Minister of Housing, Transport and Environment
- In office 12 November 2008 – 29 June 2010
- President: Mohamed Nasheed
- Preceded by: (Ministry created)
- Succeeded by: Himself as Minister of Housing and Environment

Personal details
- Party: Maldivian Democratic Party

= Mohamed Aslam (housing minister) =

Maldivian politician

Mohamed Aslam is a Maldivian politician who served as the Minister of National Planning, Housing and Infrastructure.

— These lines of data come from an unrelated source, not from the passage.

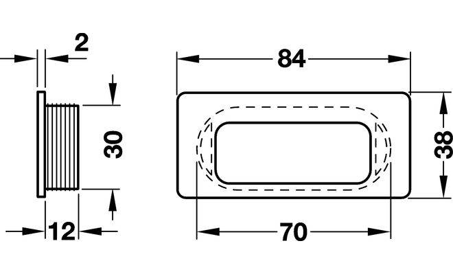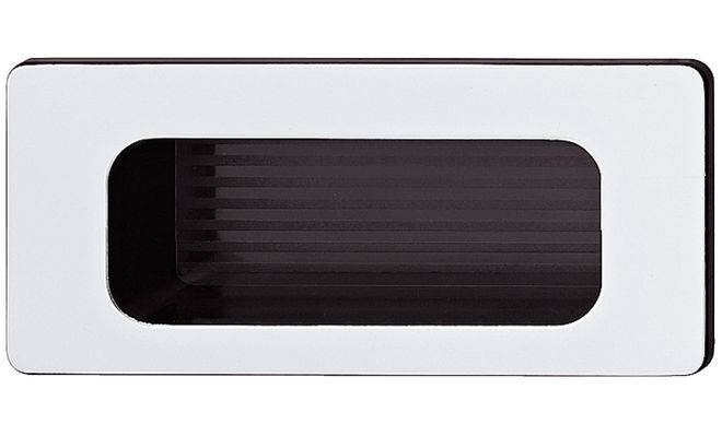 Меблева врізна ручка для дерев'яних дверей. Виготовлена з пластмаси з матовою поверхнею сріблястого кольору, внутрішня частина ручки чорного кольору. Ручка кріпиться без гвинтів за допомогою клеєвих канавок.
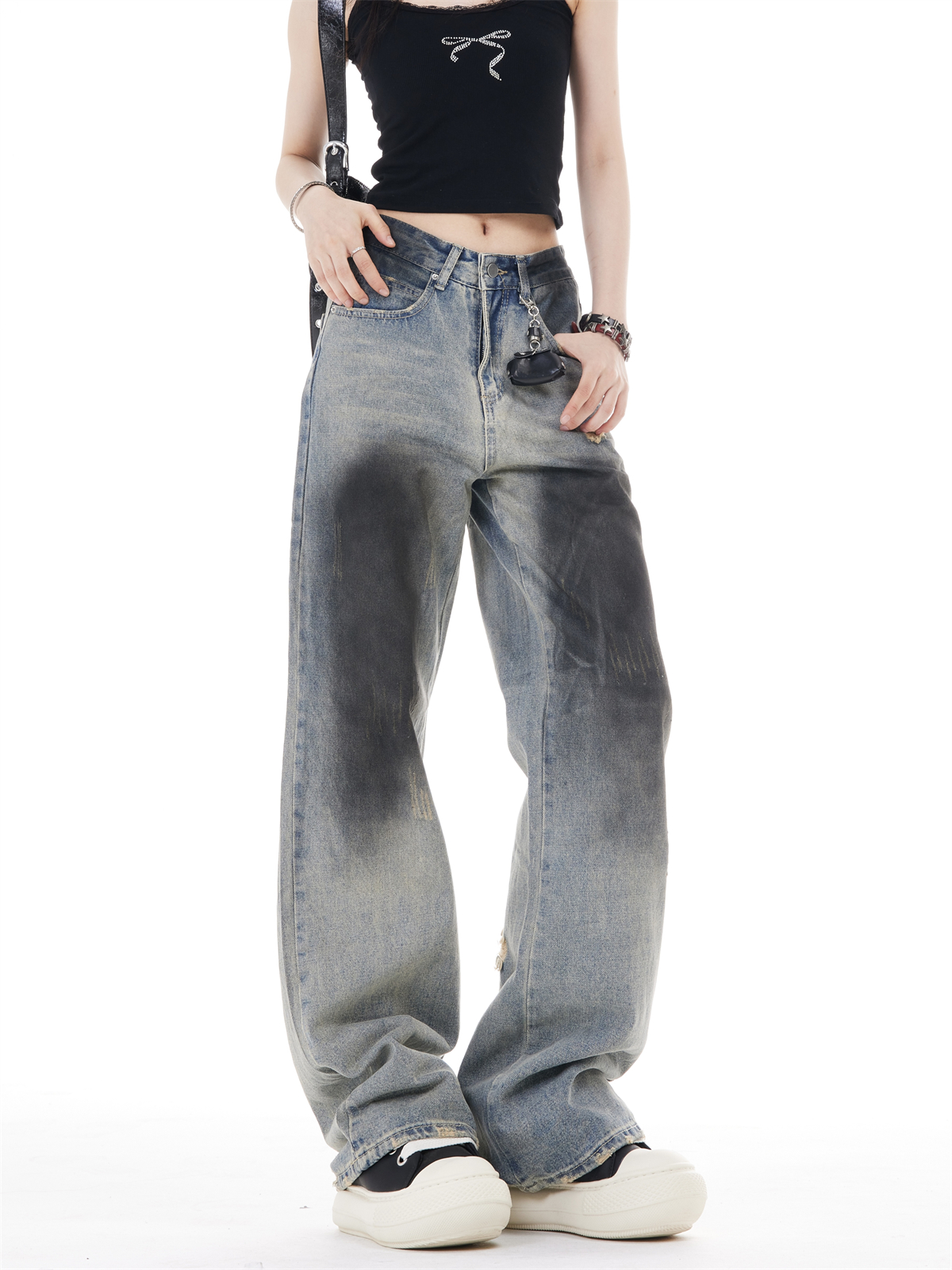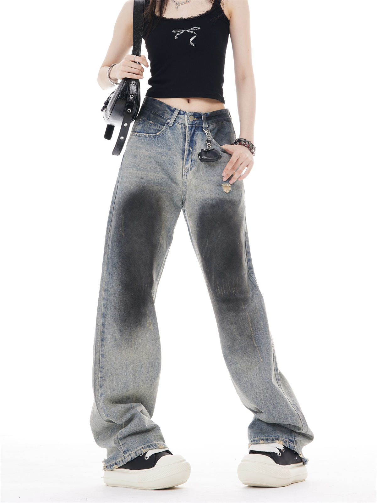 Retro High Waist Wide Leg Ripped Jeans
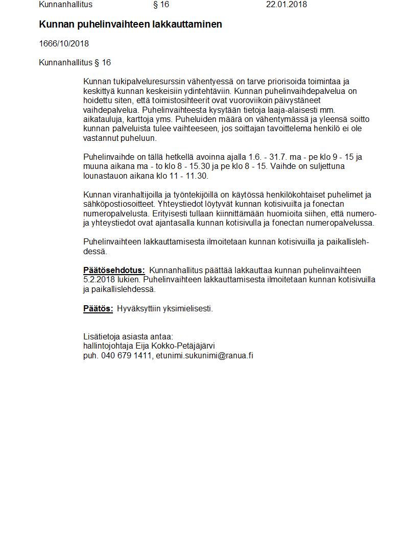 Pöytäkirja 22.01.2018 Pykälä 16
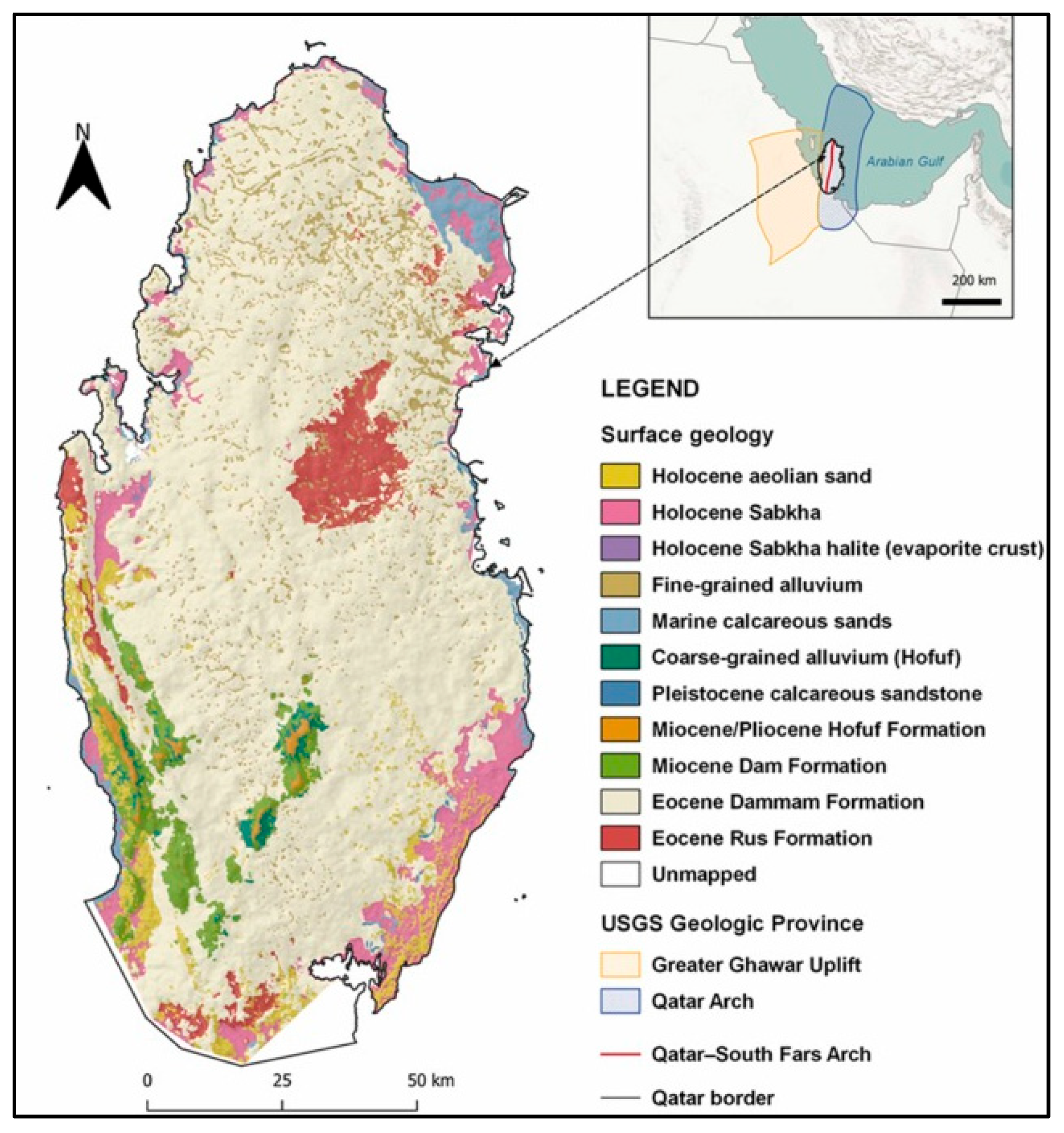 - Al-Hinai, G.A.; Brook, S.S. Geomorphology of Qatar: A Comprehensive Overview. In Remote Sensing of Geomorphology; Springer: Berlin/Heidelberg, Germany, 2017; pp. 53–73. [Google Scholar]

He has also served other governmental positions during his career.

== Career ==
Aslam was first the Minister of Housing, Transport and Environment during the presidency of Mohamed Nasheed, the ministry was later abolished and changed to the Ministry of Housing and Environment where Aslam still served as the Minister. Aslam served as the Acting Minister of Foreign Affairs from 14 December 2010 to 21 March 2011, Acting Minister of Fisheries and Agriculture from 28 March 2011 to 19 July 2011, Acting Minister of Acting Minister of Finance and Treasury from 2 January 2012 to 4 January 2012, and Acting Minister of Education from 11 December 2011 to 12 February 2012. He also served as Minister of National Planning, Housing and Infrastructure from 14 June 2020 to 17 November 2023.